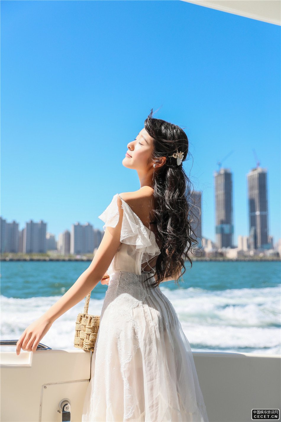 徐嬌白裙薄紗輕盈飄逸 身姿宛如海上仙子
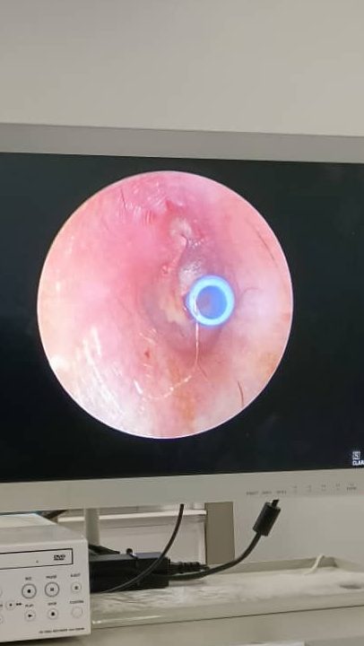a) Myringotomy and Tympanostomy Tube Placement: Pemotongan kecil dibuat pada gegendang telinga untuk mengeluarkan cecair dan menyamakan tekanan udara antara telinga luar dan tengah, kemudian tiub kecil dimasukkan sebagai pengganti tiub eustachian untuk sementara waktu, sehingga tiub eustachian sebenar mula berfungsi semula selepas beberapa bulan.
_ _ _ _ _
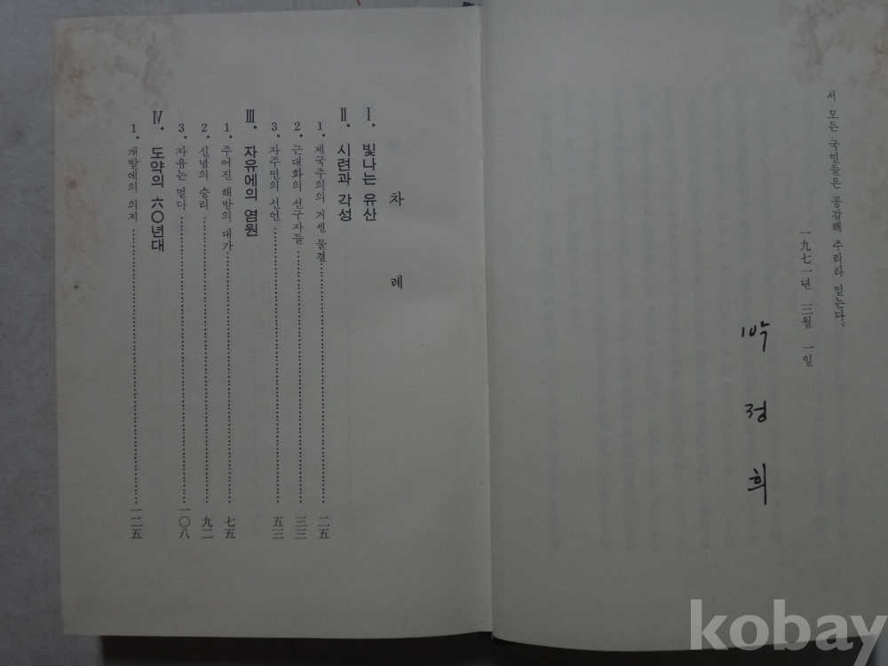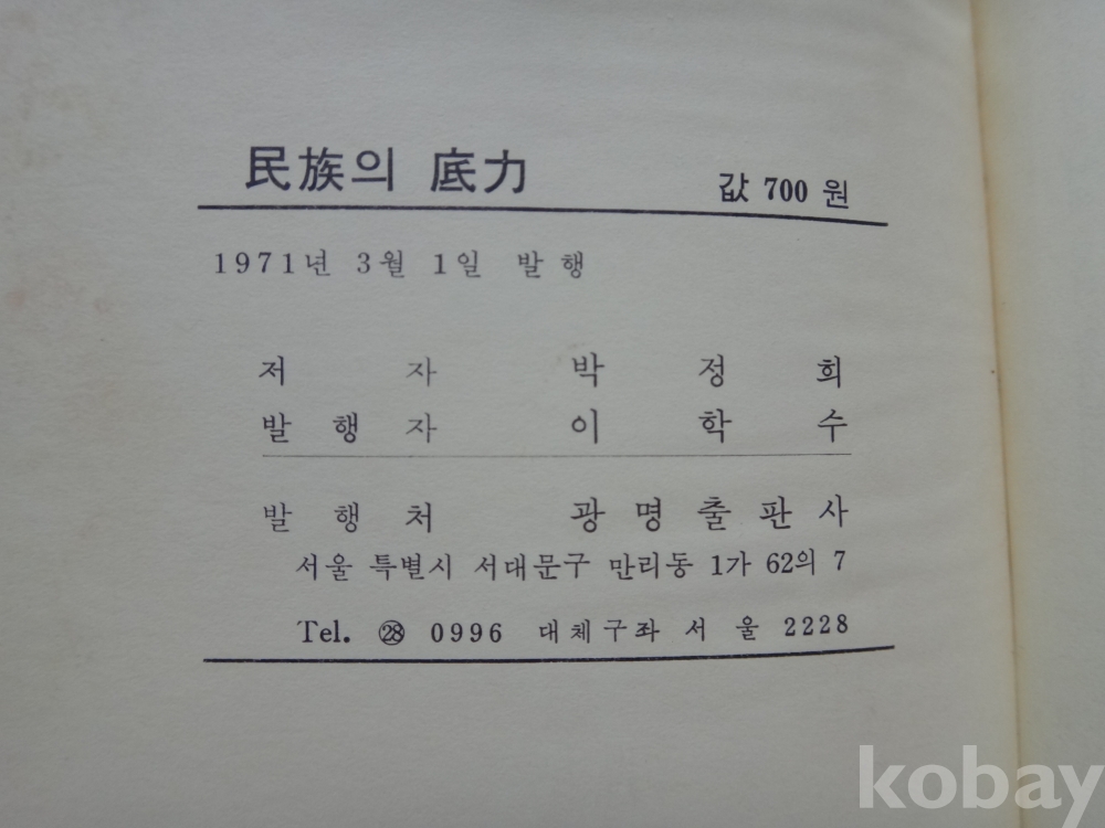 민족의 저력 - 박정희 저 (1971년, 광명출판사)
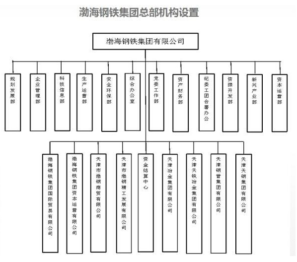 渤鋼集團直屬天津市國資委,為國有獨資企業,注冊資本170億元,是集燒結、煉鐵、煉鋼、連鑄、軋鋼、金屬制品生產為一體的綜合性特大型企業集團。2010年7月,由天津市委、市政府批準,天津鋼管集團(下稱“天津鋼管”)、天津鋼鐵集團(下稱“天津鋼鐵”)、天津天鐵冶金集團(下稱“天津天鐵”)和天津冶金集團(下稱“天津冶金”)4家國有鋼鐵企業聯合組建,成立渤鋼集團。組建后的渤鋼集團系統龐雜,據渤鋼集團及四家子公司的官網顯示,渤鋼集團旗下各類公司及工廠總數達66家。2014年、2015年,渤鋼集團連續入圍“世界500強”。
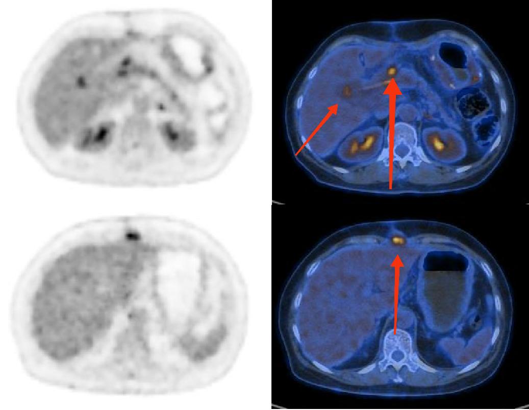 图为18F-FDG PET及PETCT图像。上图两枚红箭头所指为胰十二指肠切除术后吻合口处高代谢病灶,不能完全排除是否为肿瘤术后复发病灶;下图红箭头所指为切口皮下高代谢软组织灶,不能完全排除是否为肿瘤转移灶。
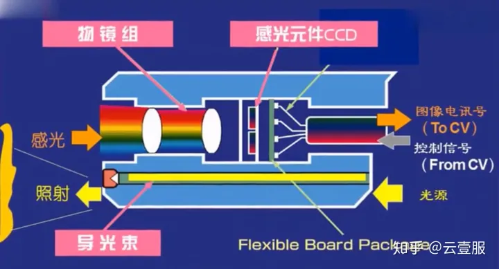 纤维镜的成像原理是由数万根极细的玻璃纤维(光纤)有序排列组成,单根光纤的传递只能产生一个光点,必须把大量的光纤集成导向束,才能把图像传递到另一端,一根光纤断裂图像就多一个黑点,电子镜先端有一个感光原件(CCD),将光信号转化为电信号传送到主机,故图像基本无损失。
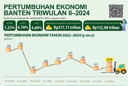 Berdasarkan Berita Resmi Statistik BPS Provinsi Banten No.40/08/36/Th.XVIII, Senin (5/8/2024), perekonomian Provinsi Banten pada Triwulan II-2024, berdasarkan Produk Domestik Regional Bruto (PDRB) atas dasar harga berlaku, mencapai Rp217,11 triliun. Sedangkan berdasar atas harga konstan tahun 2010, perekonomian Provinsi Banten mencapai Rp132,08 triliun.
_ _ _ _ _
- PROBLEM REQUIREMENTS: Repeat exactly, and only, the entries from the line with "纤维镜的成像原理是由数万根极" through the line with "Berdasarkan Berita Resmi". Pictures are skipped.

- WORKED SOLUTION:
 纤维镜的成像原理是由数万根极细的玻璃纤维(光纤)有序排列组成,单根光纤的传递只能产生一个光点,必须把大量的光纤集成导向束,才能把图像传递到另一端,一根光纤断裂图像就多一个黑点,电子镜先端有一个感光原件(CCD),将光信号转化为电信号传送到主机,故图像基本无损失。
 Berdasarkan Berita Resmi Statistik BPS Provinsi Banten No.40/08/36/Th.XVIII, Senin (5/8/2024), perekonomian Provinsi Banten pada Triwulan II-2024, berdasarkan Produk Domestik Regional Bruto (PDRB) atas dasar harga berlaku, mencapai Rp217,11 triliun. Sedangkan berdasar atas harga konstan tahun 2010, perekonomian Provinsi Banten mencapai Rp132,08 triliun.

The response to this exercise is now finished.